Participating in the development, design, and construction of the AEM/S System were representatives of the Office of Naval Research, Naval Sea Systems Command, Naval Research Laboratory, Carderock and Dahlgren Divisions of the Naval Surface Warfare Center, Naval Command and Control and Ocean Surveillance Center, and Norfolk Naval Shipyard. Industry participants were Ingalls Shipbuilding, Seemann Composites, Mission Research Corporation, Material Sciences Corporation, Ohio State University, and Analysis & Technology.
LPDs' boat and cargo crane are a "reduced radar cross section signature" hydraulic crane. The 22,000 lb. rated, 65 ft. knuckleboom crane will be able to move Rigid Hull Inflatable Boats from the boat valley to the waterline, recover the boats, or load cargo pierside or at sea. The newly designed crane utilizes a positive control "Derrick Head" capturing device that affords safe boat operations through Sea State 3 conditions (3-4 feet seas).

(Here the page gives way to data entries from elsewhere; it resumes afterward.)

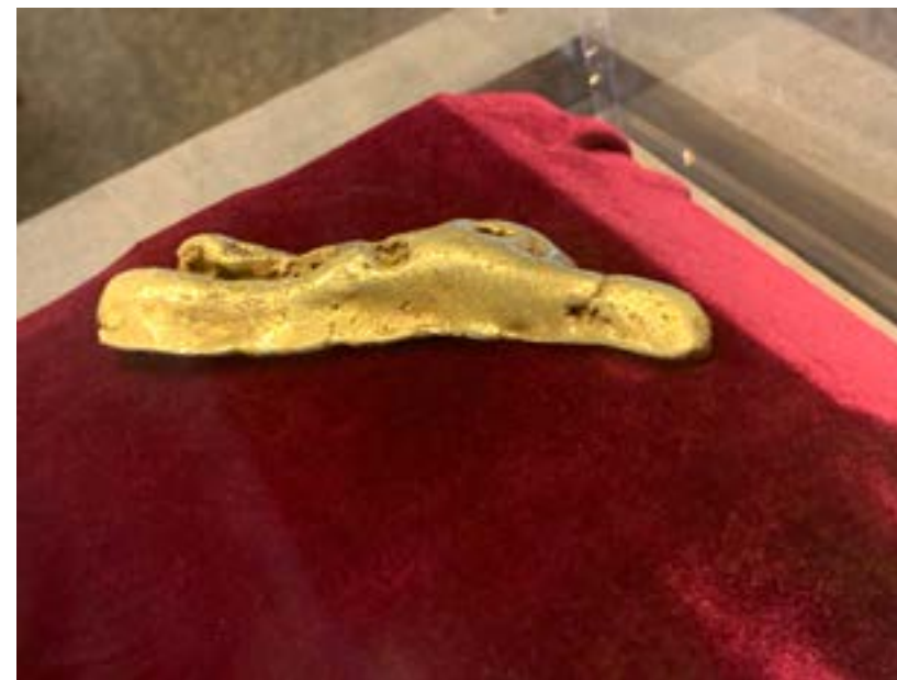
Zlatý nuget v muzeu

A právě v téhle smlouvě byly Black Hills určeny jako území prérijních kmenů, kam by wašíči neměli vůbec strkat nos. Šest let to fungovalo.
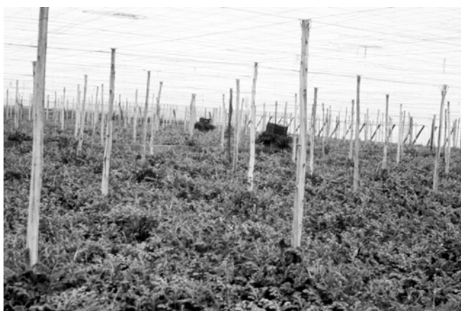
Colmenas en invernadero de sandías
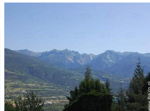
uitzicht vanuit het huis
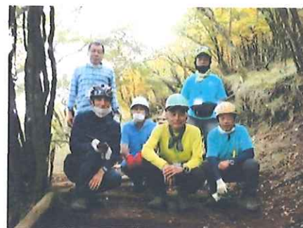
無事に作業終了！ 全員で楽しめた体験でした
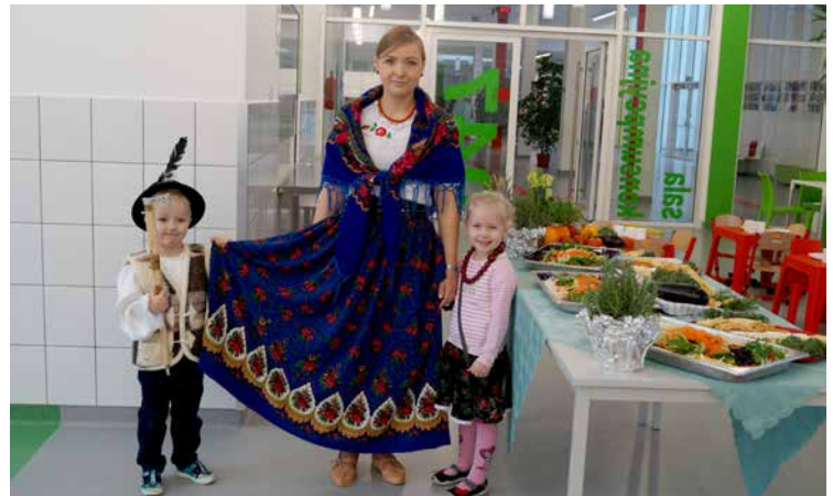
Góralskie jadlo smakuje wyborne, hej!
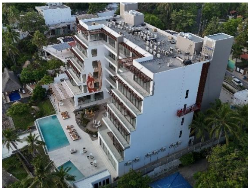
Resanes y pintura en fachada oriente
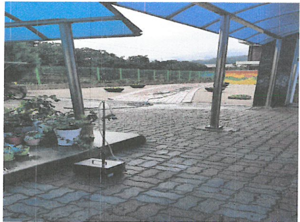
작업장 주변 비산관리를 위한 농도측정 부지경계선
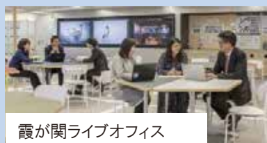
霞が関ライブオフィス
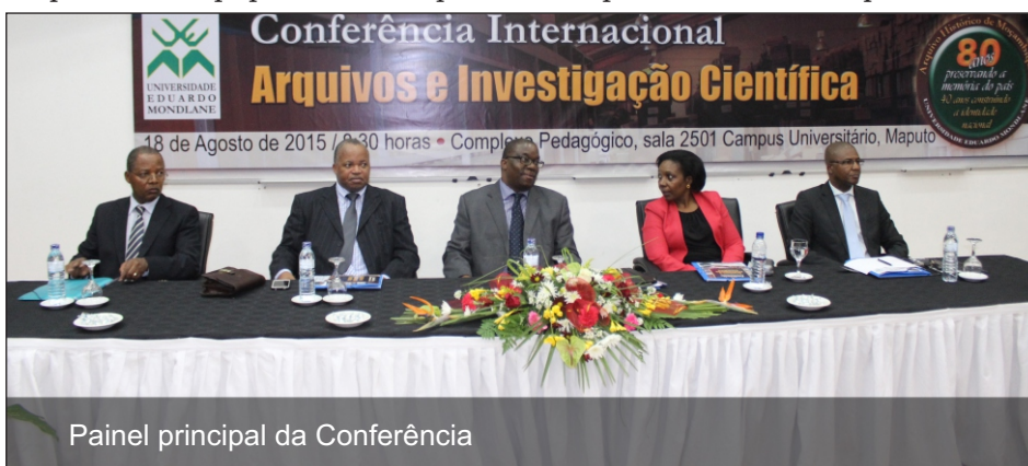
Painel principal da Conferência

Zambeze, a oradora procura perceber as formas do poder público das mulheres. Na sua apresentação, foi possível desprender o facto de que tanto nas

The LPD 17 class will have minimal and manageable environmental impact. The pollution mitigation devices installed in the LPD 17 class are state-of-the-art for warships and meet the requirements of regulatory agencies and present day law. The design has space and weight margins in place to accommodate back fit of future environmentally required systems. The ship has an oil pollution control system capable of processing bilge water to meet current Federal requirements with the capability of returning water for further processing if output requirements are exceeded, and its air conditioning, refrigeration, and fire suppression systems are free of chlorofluorocarbons - a Navy first.